3. Device according to claim 1 or 2, characterized in that

• 1. the local program signal carries a useful signal including program identification information.

4. Device according to one of the preceding claims, characterized in that - The receiver ( 12 , 43 ) has tuning devices and is designed to sequentially demodulate different program signals. 5. Device according to one of the preceding claims, characterized by

• 1. decoder devices ( 11 , 44 ) for decoding program and / or station identification signals contained in the program signals.

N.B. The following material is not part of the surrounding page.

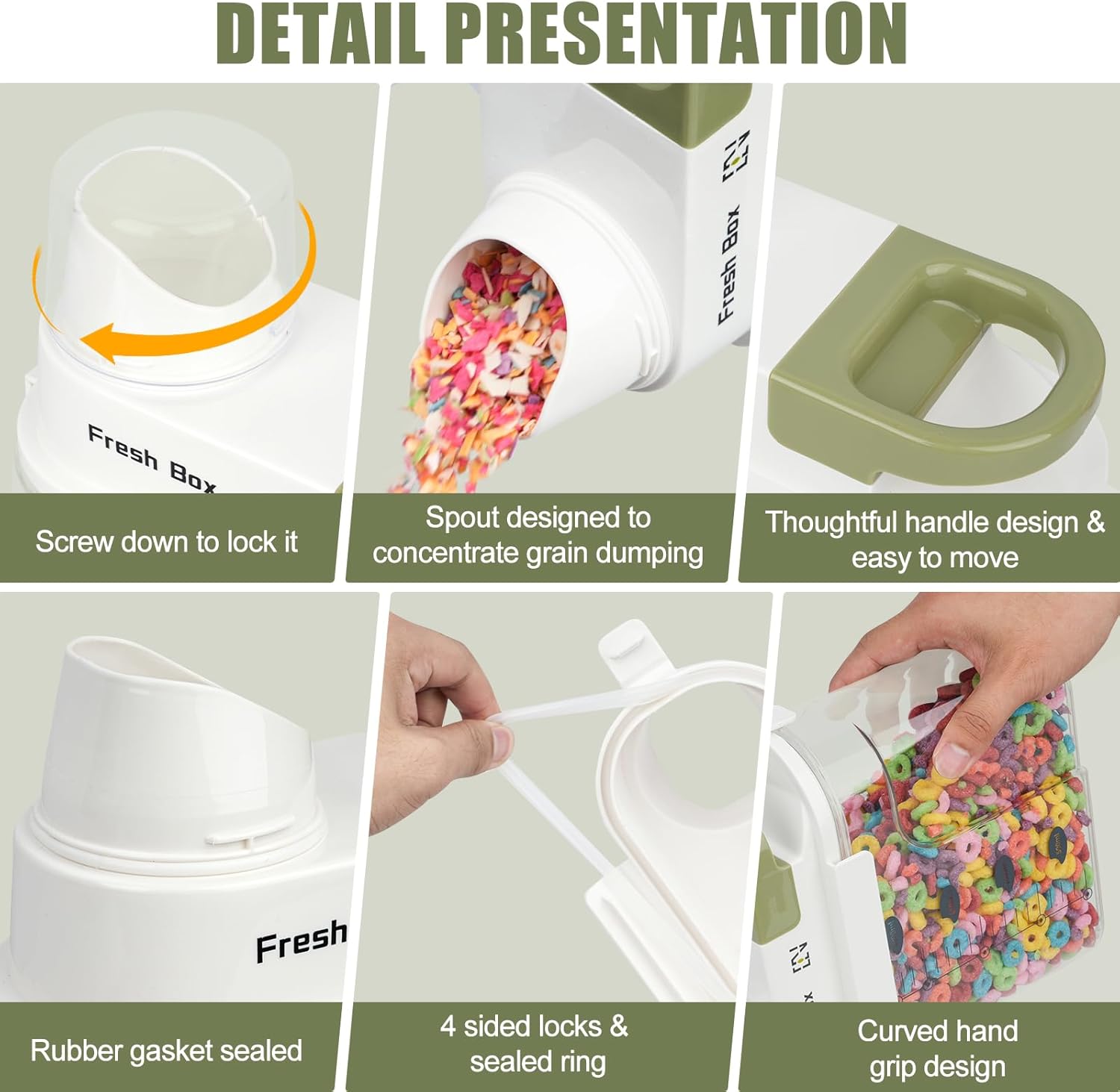 - Multifunctional Dry Food Storage Containers: Our cereal containers storage is designed for versatility, perfectly suited for storing not just cereal, but also beans, sugar, rice, nuts, snacks, pet food, candy, and even laundry beads β making it an essential addition to your pantry organization

6. Device according to one of the preceding claims, characterized by

• 1. storage devices ( 16 b) for storing the comparison results for the respective useful signals compared with the reference signal;
• 2. wherein the storage devices ( 16 b) are designed to store information relating to time intervals in which the comparison result output is positive and / or station identifiers in this regard.

7. The device according to claim 6, characterized in that the memory devices ( 16 b) comprise non-volatile memory. 8. Device according to one of claims 6 and 7, characterized in that the comparison devices ( 16 a) comprise:

• 1. Means ( 14 , 15 ) for converting the useful signal and the reference signal into digital signals; and
• 2. digital signal processing devices ( 16 a) which can receive the digital signals and process them to produce the comparison result.

9. The device according to claim 8, characterized by a microprocessor ( 16 d) for controlling the detection process. 10. The device according to claim 9, characterized by

• 1. an interface device ( 3 b) for configuring the device and / or for reading out the memory content.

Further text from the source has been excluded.